JSON encoder of custom types

import json

class Vector: 
    def __init__(self, a, b): 
        self.a = a 
        self.b = b

    def __add__(self, other): 
        return Vector(self.a + other.a, self.b + other.b)

    def __str__(self): 
        return f"Vector ({self.a}, {self.b})"

v = Vector(3, 4) 
json.dumps(v)    ## TypeError: Object of type Vector is not JSON serializable

We receive an error complaint from Python, that Object of type Vector is not JSON serialisable.

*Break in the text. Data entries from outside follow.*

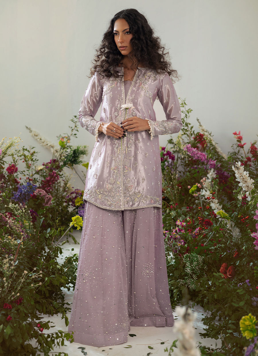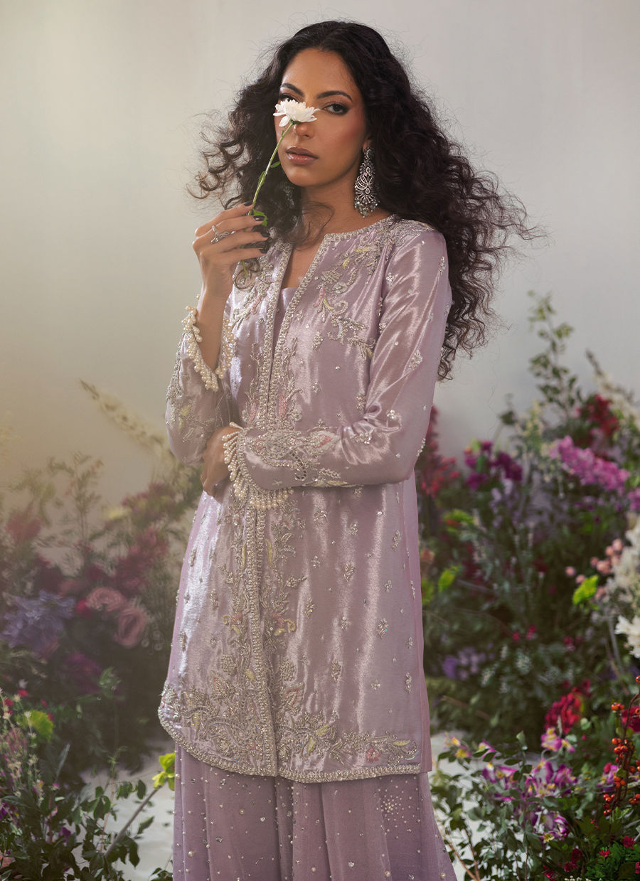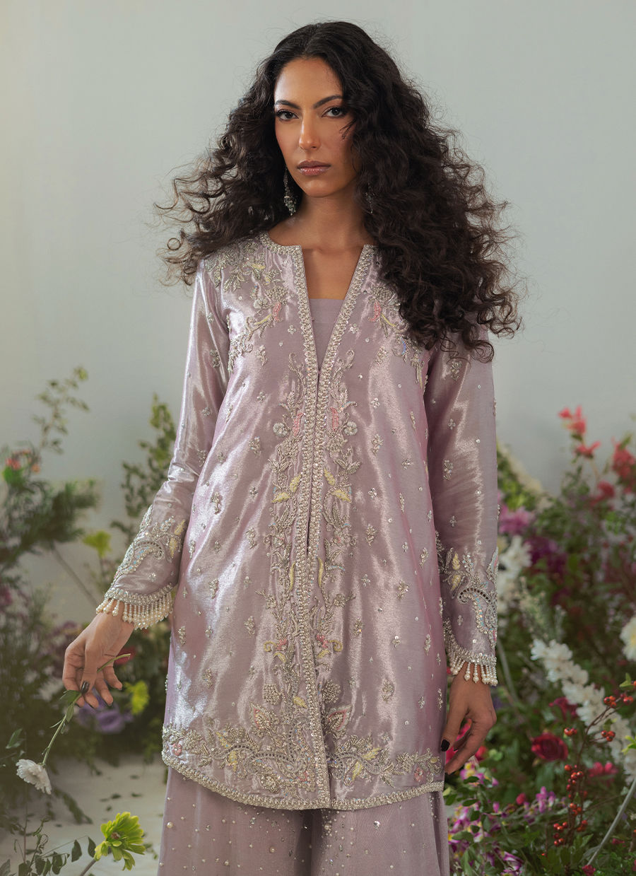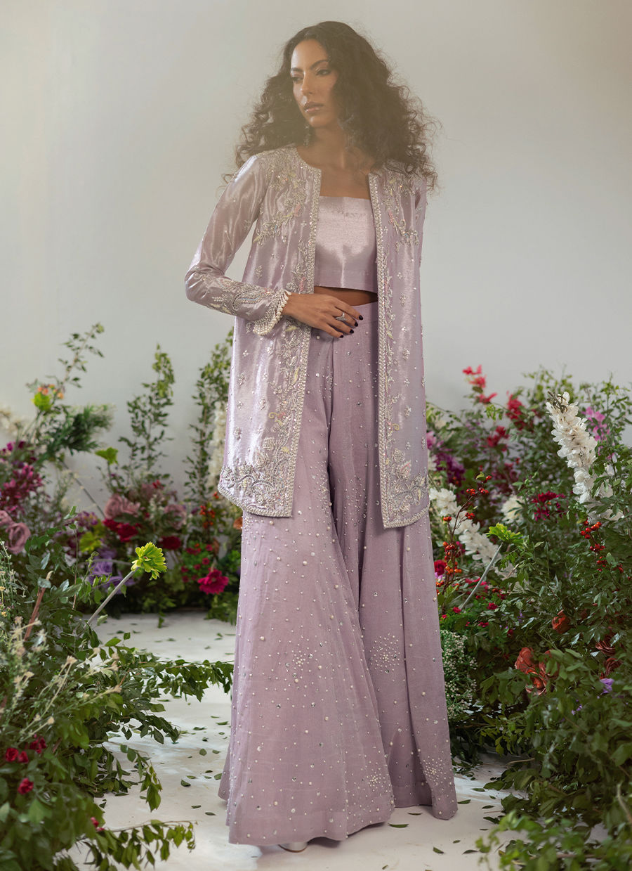 A knee-length jacket in shimmering lamé fabric in stunning lilac adorned with intricate zardozi and resham rosettes. The snug sleeves highlight cutwork designs and dainty tassels on the hem. Pair this jacket with a bustier and flared pants embellished with scattered pearls and sequins for a show-stopping look this festive season.
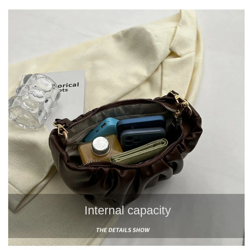 Pleated Shoulder Bag Solid PU Zipper Cross Bag Women Handbag
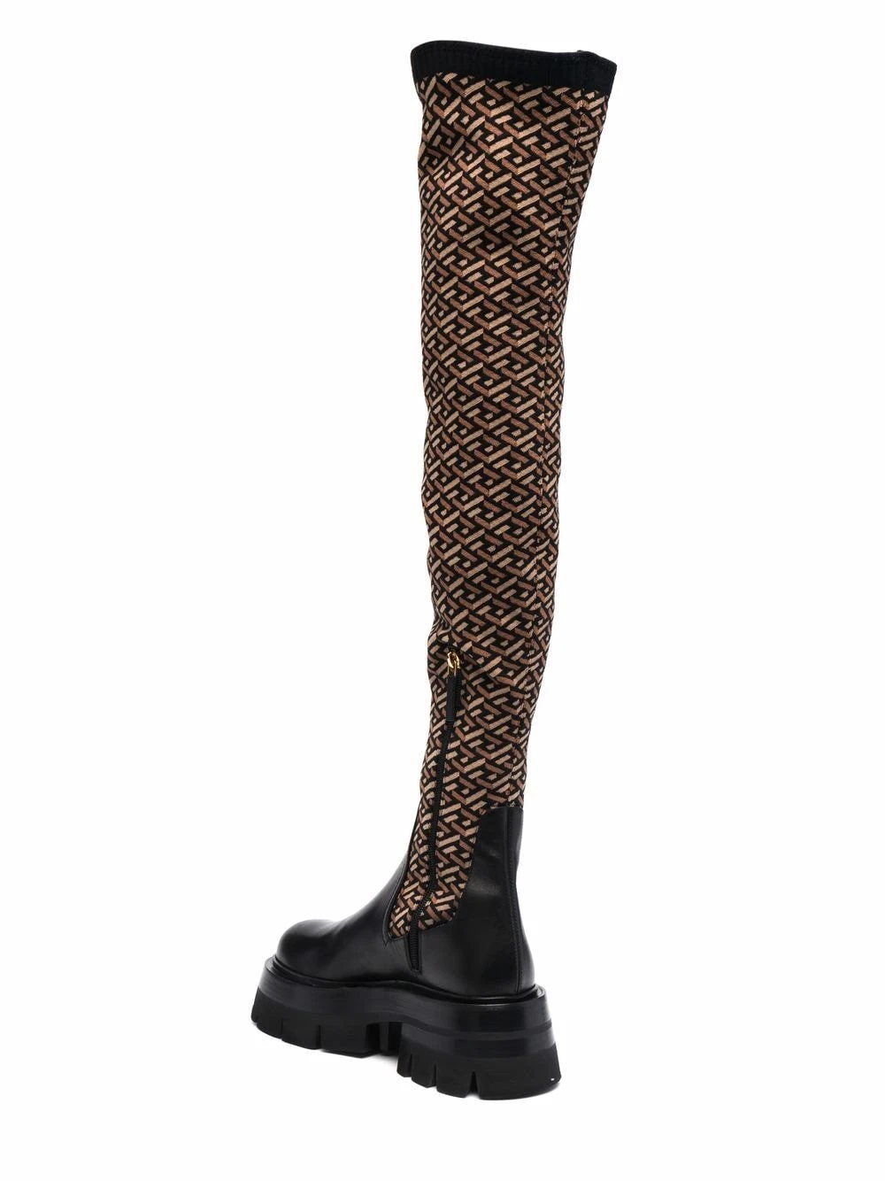 Détail Greca signature, hauteur genou, bout rond, semelle épaisse en caoutchouc.

So, how do we solve this problem?

  1. The first method would be the “Keep It Simple” method: Just represent your data with simple built-in types that we know JSON supports! I personally keep it that way. I would choose a different serialisation format if I need to serialise complicated objects.
  2. The second method is to exploit your newly acquired OOP prowess, and subclass the standard JSONEncoder and override its default() method. Ooh… behold the mighty power of OOP! 😆
class VectorEncoder(json.JSONEncoder): 
    def default(self, obj): 
        if isinstance(obj, Vector): 
            return (obj.a, obj.b)
        else: 
            return super().default(obj)

So in the code above, you override the default() method, and check if the object is a Vector. If it is, you return a tuple (a, b) which is supported by JSON. Otherwise, you just pass it back to the default() method of your superclass.

You can then just use the json.dump() method with the cls parameter to your new VectorEncoder:

json_string = json.dumps(v, cls=VectorEncoder)
print(json_string)   ## [3, 4]

Alternatively, you can invoke the encode() method of VectorEncoder.

encoder = VectorEncoder()
json_string = encoder.encode(v)
print(json_string)

JSON decoder of custom types

We have solved the issue of encoding, but what about deserialisation or decoding?

In our earlier example, our JSON string is "[3, 4]". If we try to decode this, we will end up with a list [3, 4], rather than a Vector. There is just not enough information to reconstruct Vector.

So we first need to modify our VectorEncoder from earlier so that it stores some information that this is a Vector. So this time, we use a dictionary rather than a tuple.

class VectorEncoder(json.JSONEncoder): 
    def default(self, obj): 
        if isinstance(obj, Vector): 
            return {"__vector__": True, "a": obj.a, "b": obj.b}
        else: 
            return super().default(obj)


v = Vector(3, 4) 
json_string = json.dumps(v, cls=VectorEncoder)    
print(json_string)  ## {"__vector__": true, "a": 3, "b": 4}

So now, we have stored Vector as a dictionary, with a key "__vector__" that will later tell us that this is meant to be a Vector.

Let us deserialise this json_string back into our Vector class then!

Like Encoding, we will use a custom decoder decode_vector to decode the json string back into a Vector. We use the object_hook parameter of json.loads() for it to use our custom decoder.

def decode_vector(dct): 
    if "__vector__" in dct: 
        return Vector(dct["a"], dct["b"])
    else:
        return dct

data = json.loads(json_string, object_hook=decode_vector)
print(data) ## Vector (3, 4)

And we have managed to reproduce our Vector from JSON!